The Census' decision to count prisoners within prison districts, Wright said, is "based on a fiction that prisoners who can't vote and are not a permanent part of the community should be treated as though they are"—at least for the purposes of drawing legislative districts. Interestingly, she noted, in other legal matters, such as marriage and divorce laws, prisoners are considered residents of the communities where they lived before they were locked up. Indeed, before incarcerated felons were denied the vote in 2000, courts had ruled against prisoners who wanted to vote in the towns where their prisons were located, saying instead that they must vote in their home communities, by absentee ballot.
The Prison Policy Initiative suggests some ways the Census Bureau could change how it counts prisoners: it could allow prisoners to respond with their pre-incarceration addresses, or use prison records to determine those addresses. The Bureau has made similar adaptations for other populations in the past, PPI notes.

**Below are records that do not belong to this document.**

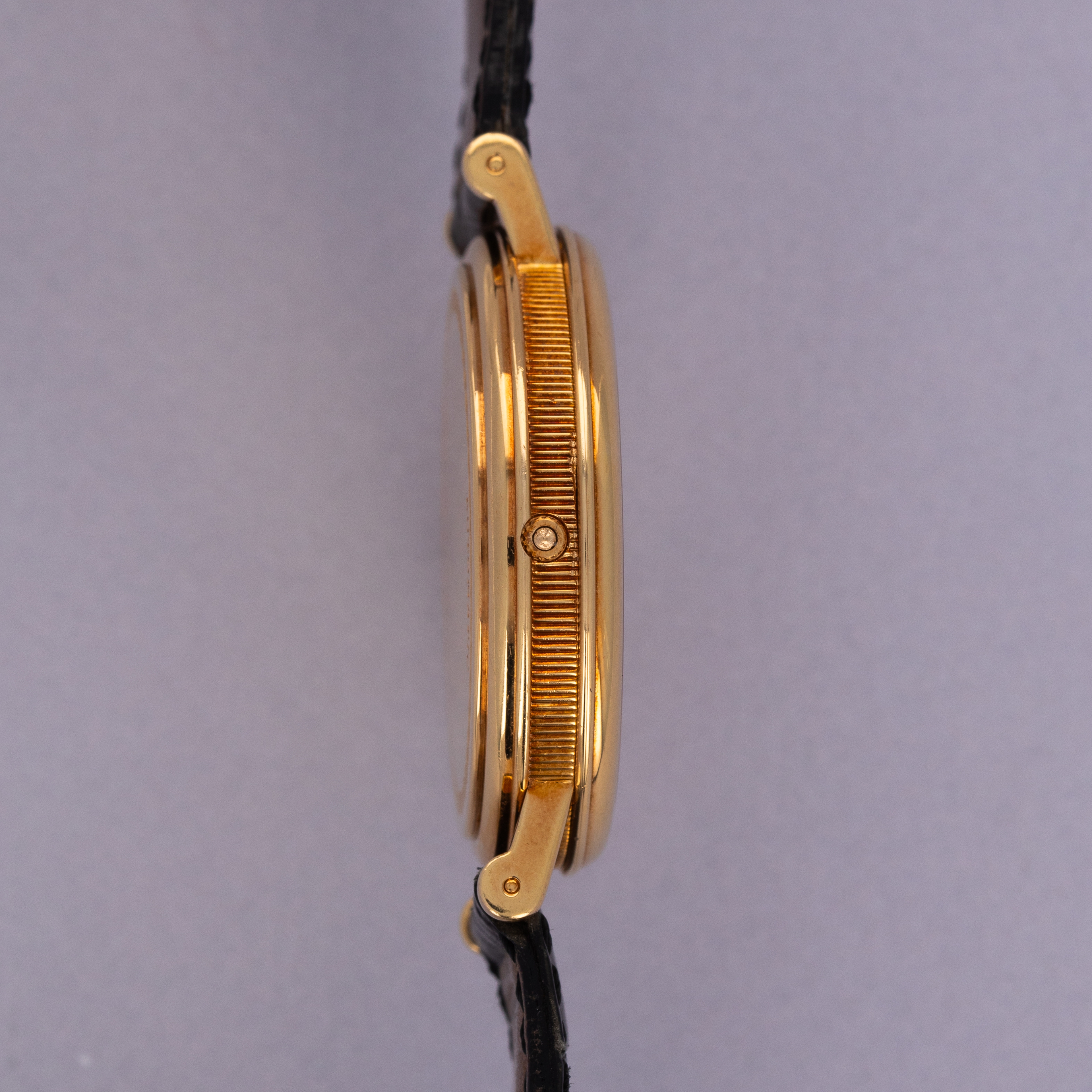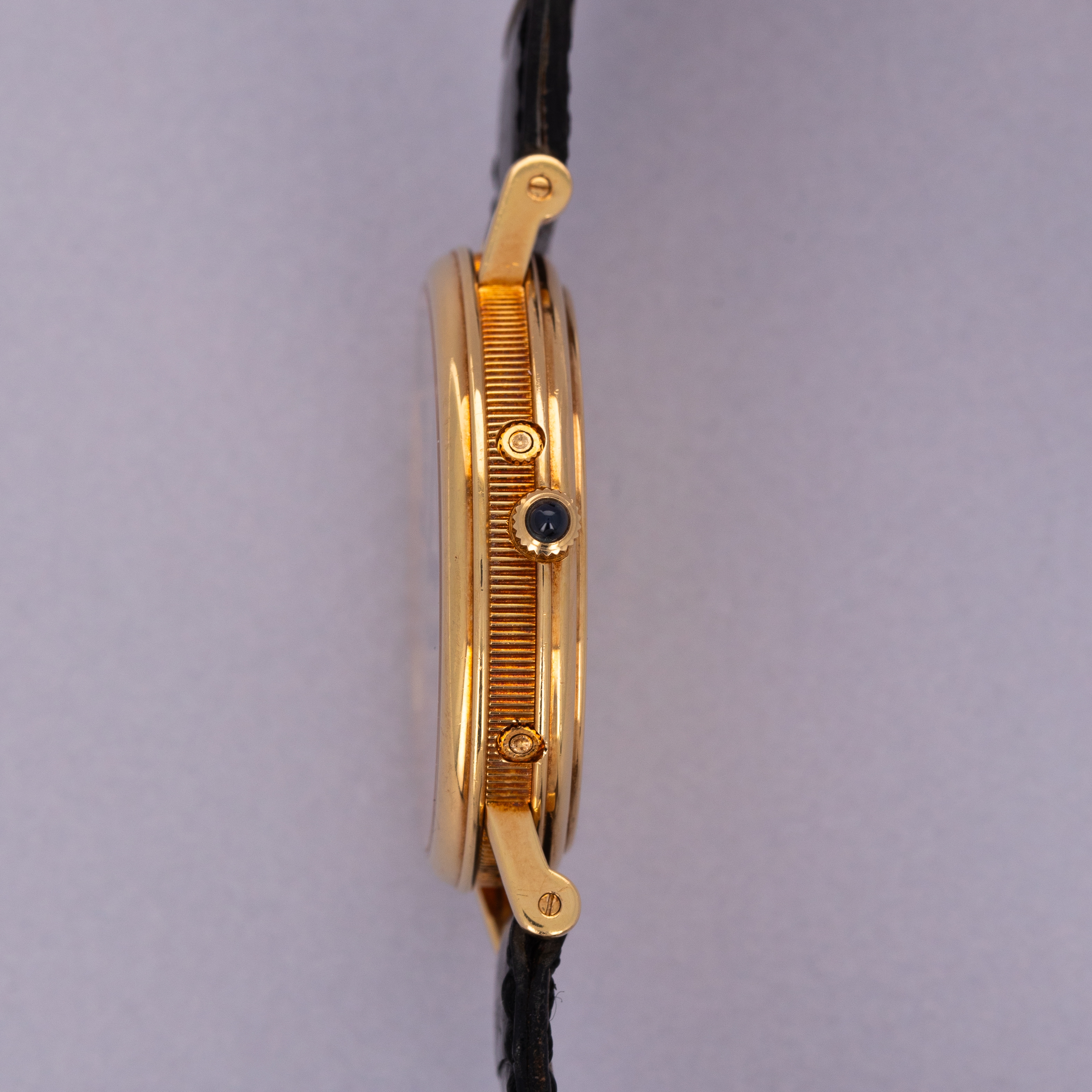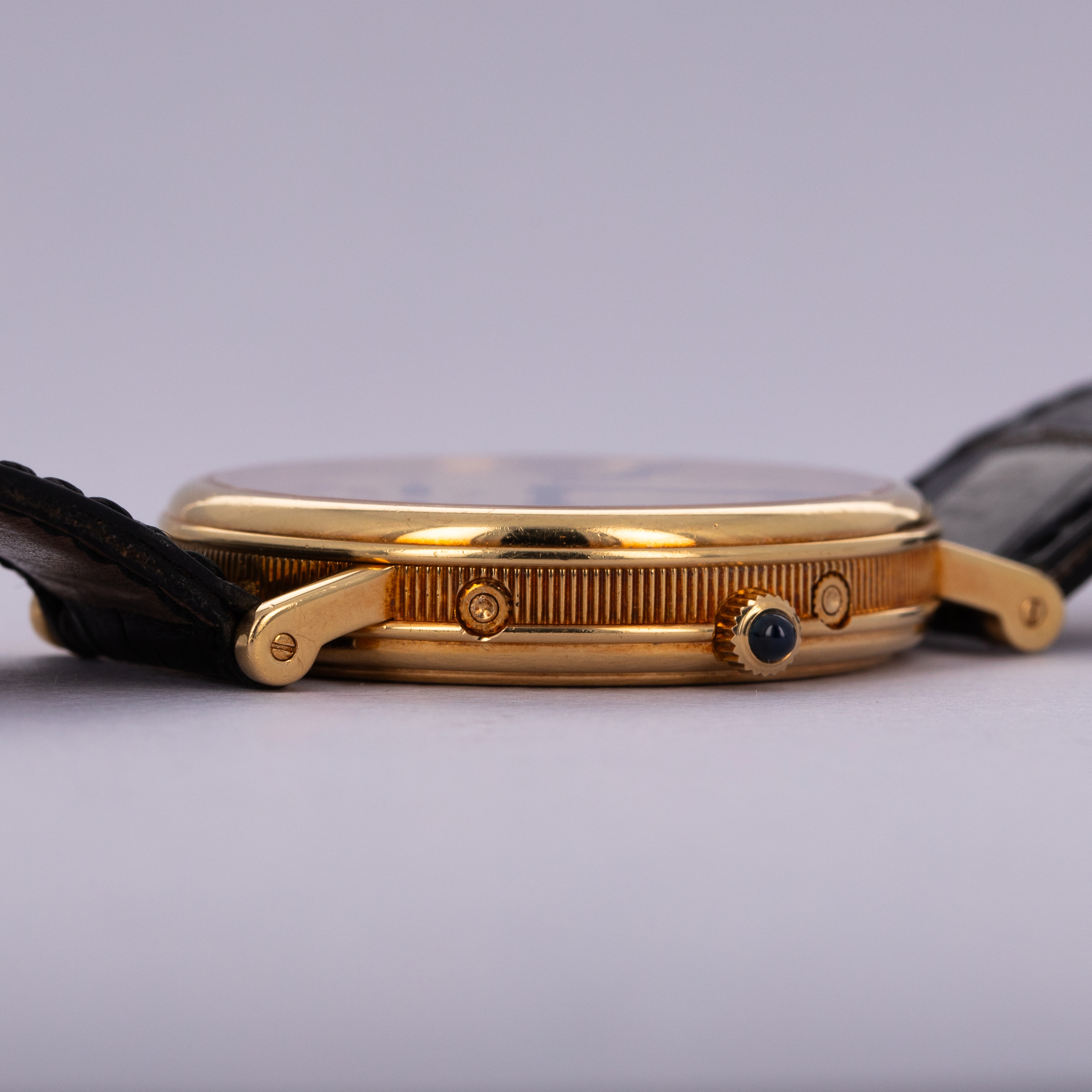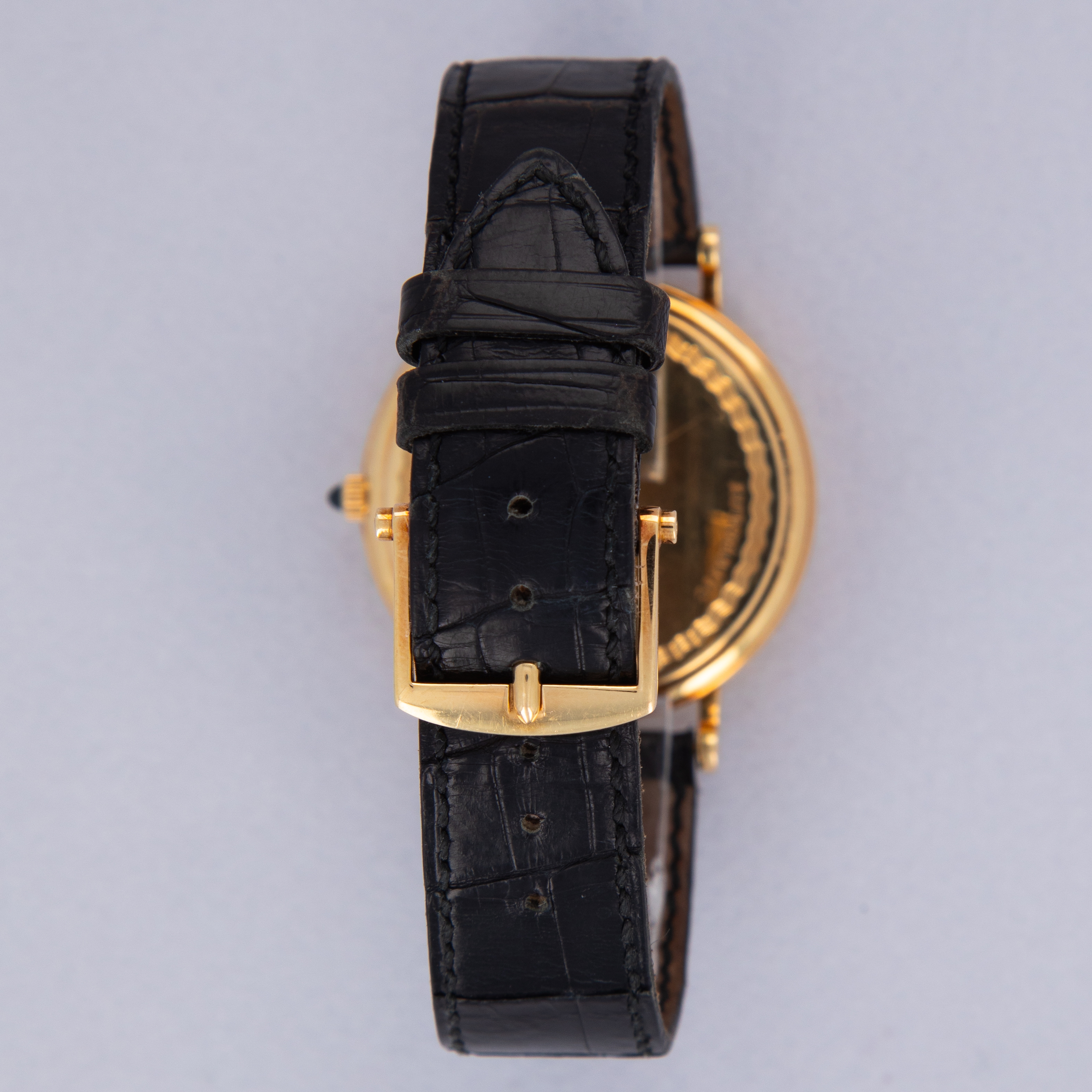 Watch is in excellent overall condition. Case shows minor wear, with some scratches visible primarily along the polished bezel. The guilloche dial is near-mint with no visible marks or damage. The watch comes with its original 18k gold buckle.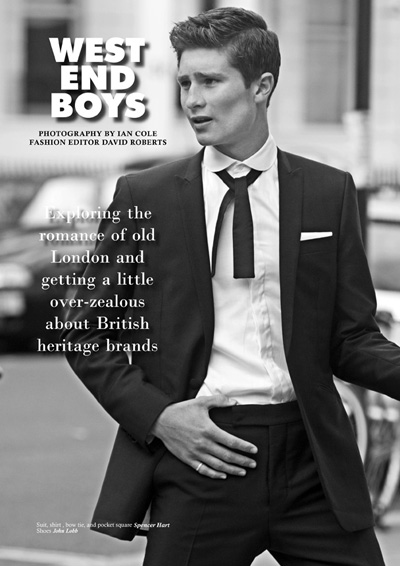 Client magazine's West End Boys story by fashion photographer Ian Cole featuring Select London's model Matt Spice. West End Boys is a tribute to London's prestigious Savile Row Master Tailors – featuring British heritage brands like Ede & Ravenscroft, Dr Martens, Richard James, Mark Powell and collection pieces from Spencer Hart, Aquascutum, Vivienne Westwood and Tim Soar to name a few.
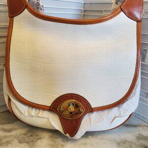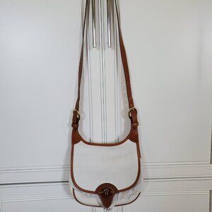 Dooney & Bourke RARE WHITE AND ORIGINAL BRITISH TAN TRIM Vintage AWL All Weather Leather Calvary Saddle Bag

The U.S. Census Bureau, Wagner noted, needs individual states to rely on its figures for their redistricting efforts; if states started conducting their own counts, it would, no doubt, hurt the federal bureau's funding. Like any business, the Census should view the states as clients, and the states should exercise the client's right to demand a good product—in this case, fair and accurate population figures. "Part of the incentive to fix this," Wagner said, "is the aggrieved party is every single person who does not live immediately adjacent to a prison."